One year later, friends Emily Woodrow (Tangi Miller) and Lisa Duncan (Sherrie Jackson) have their fortune told by the clairvoyant Esmeralda (Donzaleigh Abernathy), who warns they will soon attain great wealth, but it must be denied as it will come at a great price and summon a terrible evil. At a barbecue at the abandoned youth center site with Lisa, stoner friend Jamie Davis (Page Kennedy) and ex-boyfriend-turned-drug dealer Rory Jackson (Laz Alonso), Emily falls through a hole and discovers the Leprechaun's gold, hidden by Father Jacob. Splitting the treasure, the four friends use the gold to fulfill their fantasies, unaware they have released the Leprechaun. He stalks the group, impaling a guest at Jamie's party with a bong and retrieving one of his coins, prompting the police to arrest Jamie. At the beauty salon where Emily works, the Leprechaun kills a regular customer, Doria, on the massage table and attacks Emily. She escapes, warning Rory and the recently released Jamie, and they rush to find Lisa. In her home, Lisa is killed when the Leprechaun claws her in the stomach, and her friends find her body.

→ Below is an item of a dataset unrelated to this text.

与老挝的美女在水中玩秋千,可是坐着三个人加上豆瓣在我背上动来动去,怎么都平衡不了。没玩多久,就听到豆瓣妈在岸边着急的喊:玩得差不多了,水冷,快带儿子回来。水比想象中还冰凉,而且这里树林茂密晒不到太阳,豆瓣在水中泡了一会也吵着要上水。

While Emily and Jamie want to return the gold, Rory does not and takes off with it; realizing Rory is gone, Emily is chased outside by the Leprechaun, but is saved when Rory has a change of heart and returns. The Leprechaun finds Rory's house and kills his profligate girlfriend Chanel (Keesha Sharp) by tearing out her jaw, reclaiming the gold she used to make a tooth, while Rory and Emily are harassed by Officers Thompson (Beau Billingslea) and Whitaker (Chris Murray). When the Leprechaun appears and kills the officers, Emily and Rory escape and regroup with Jamie, only to be confronted by Rory's drug-dealing rivals, led by Watson (Shiek Mahmud-Bey) and Cedric (Sticky Fingaz). Planning to kill Rory for infringing on their territory, Watson and his gang are disposed of by the Leprechaun, while Emily, Rory and Jamie drive off in Watson's car, seeking Esmeralda's help.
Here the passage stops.